Medical examiner: African dogs killed boy who fell into Pittsburgh zoo exhibit
PITTSBURGH The head of the Pittsburgh Zoo says a medical examiner has concluded that a toddler who fell into an African painted dog exhibit Sunday was killed by the animals, not by the fall.
Barbara Baker, CEO and president of the Pittsburgh Zoo and PPG Aquarium, said she received that information from the medical examiner's office Monday.
Officials say the child's mother had placed the three-year-old boy on a wooden rail above the exhibit. There is a net below the rail, but Baker says the boy bounced off it and into the enclosure 14 feet below.
She says the animals attacked the child so quickly that by the time a veterinarian and other zoo staffers arrived seconds later, they determined it would have been futile to try to rescue the child.
"From what I understand, what occurred at that scene until it was secured, it was horrific," Lt. Kevin Kraus of the Pittsburgh police told CBS affiliate KDKA.
KDKA in reports the Pittsburgh Zoo & PPG Aquarium says it will be closed until further notice.
Witnesses and officials described a chaotic scene. When the boy fell, other visitors immediately told staff members, who responded along with Pittsburgh police. Zookeepers called off the dogs, and seven of them immediately went to a back building. Three more eventually were drawn away from the boy, but the last dog wouldn't come into the building, and police had to shoot him, Baker told the station.
The dogs are about as big as medium-sized domestic dogs, 2 to 2.5 feet high and 37 to 80 pounds, according to the zoo. African wild dogs are also known as cape hunting dogs, spotted dogs, and painted wolves. They have large, rounded ears and dark brown circles around their eyes and are considered endangered.
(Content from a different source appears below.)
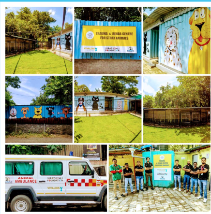
An initiative by Virat Kohli Foundation, Vivaldis Animal Health & Awaaz Voice of Stray Animals Mumbai

The Virat Kohli Foundation & Vivaldis Animal Health inaugurates its Trauma & Rehab centre for stray animals at Madh, Malad in Mumbai. In April 2021, Indian cricket captain, Virat Kohli announced that he is setting up two animal care facilities in Mumbai. Virat, an avid animal lover, credits Anushka Sharma for making him see the difficulties faced by stray animals in our city.

Police and the Allegheny County medical examiner's office were investigating. Baker said the zoo, which has never had a visitor death, plans an internal investigation, and no decision has been made yet on the future of the exhibit.
The dogs normally live in a 1.5-acre exhibit called the Painted Dog Bush Camp that's part of a larger open area called the African Savanna, where elephants, lions and other animals can be seen.
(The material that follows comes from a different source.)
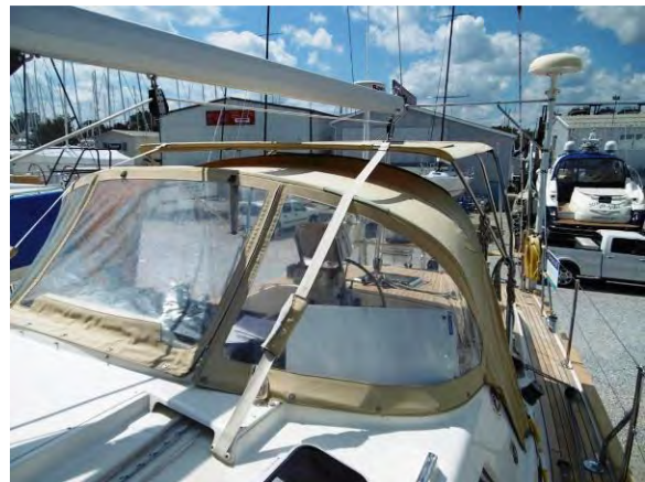
Dodger and bimini

In May, some of the dogs crawled under a fence and escaped into a part of the exhibit that's usually closed. The zoo was on lockdown for about an hour as a precaution.
Ten African painted dogs were born at the zoo in 2009, and their mother died of a ruptured uterus shortly after delivering the litter. Five of the pups survived. The mortality rate for painted pups is 50 percent, even when born in the wild to a healthy mother.
It was only the second litter to be hand-raised in captivity, along with one in the United Kingdom, zoo officials said at the time.